Abstract
Abstract. Advanced oxidation processes, such as the Fenton's reagent, are powerful methods for decontamination of different environments from recalcitrant organics. In this work, the degradation of paraquat (PQ) pesticide was assessed (employing the commercial product gramoxone) directly inside the pipes of a pilot scale loop system; the effect of corroded cast iron pipe and loose deposits for catalysing the process was also evaluated. Results showed that complete degradation of paraquat ([PQ]0= 3.9 × 10−4 M, T = 20–30 °C, pH0 = 3, [H2O2]0 = 1.5 × 10−2 M and [Fe (II)] = 5.0 × 10−4 M,) was achieved within 8 h, either in lab scale or in the pilot loop. Complete PQ degradation was obtained at pH 3 whereas only 30% of PQ was degraded at pH 5 during 24 h. The installation of old cast iron segments with length from 0.5 to 14 m into PVC pipe loop system had a significant positive effect on degradation rate of PQ, even without addition of iron salt; the longer the iron pipes section, the faster was the pesticide degradation. Addition of loose deposits (mostly corrosion products composed of goethite, magnetite and a hydrated phase of FeO) also catalysed the Fenton reaction due to presence of iron in the deposits. Moreover, gradual addition of hydrogen peroxide improved gramoxone degradation and mineralization.
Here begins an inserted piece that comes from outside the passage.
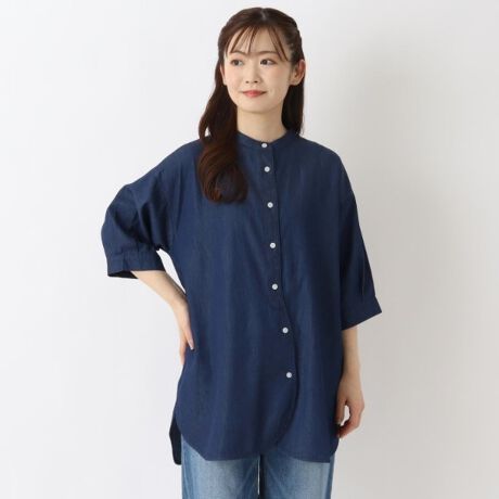 インディゴ 5分袖スタンドカラーシャツ

This study showed for the first time that is possible to achieve complete degradation of pesticides in situ pipe water system and that deposits and corroded pipes catalyse oxidation of pesticides.
Highlights
Contamination of raw waters with pesticides is recognised as a problem in many countries
It was found that Paraquat degradation can be done in the pilot loop, achieving similar results to those obtained in a lab scale reactor, i.e., homogeneous Fenton’s reaction is an effective process in both scales for the pesticide degradation
Results showed complete paraquat degradation if initial pH was 3 and little degradation rate (30 % within 24 h) if initial pH was 5. It was for the first time shown that distribution system pipes can work as a catalyst for Fenton reaction providing complete paraquat degradation – the size of metallic pipes has a big influence in the oxidation process; the larger the pipe, the bigger is the contribution of the heterogeneous process
Summary
Contamination of raw waters with pesticides is recognised as a problem in many countries. Pesticides may pass water treatment plants and over long periods accumulate in water distribution pipes (Klamerth et al, 2010; Kralj et al, 2007; Sanches et al, 2010). During an accident or deliberate contamination large concentrations may enter the system. Due to sorption in biofilm or on the surfaces of the pipes their removal by network flushing is not efficient. Advanced oxidation processes (AOP) are wellknown for generating highly reactive and non-selective hydroxyl radical species, which are used to degrade (and mineralize into water, carbon dioxide and mineral salts) most of organics present in water and wastewater – cf Reactions (R1)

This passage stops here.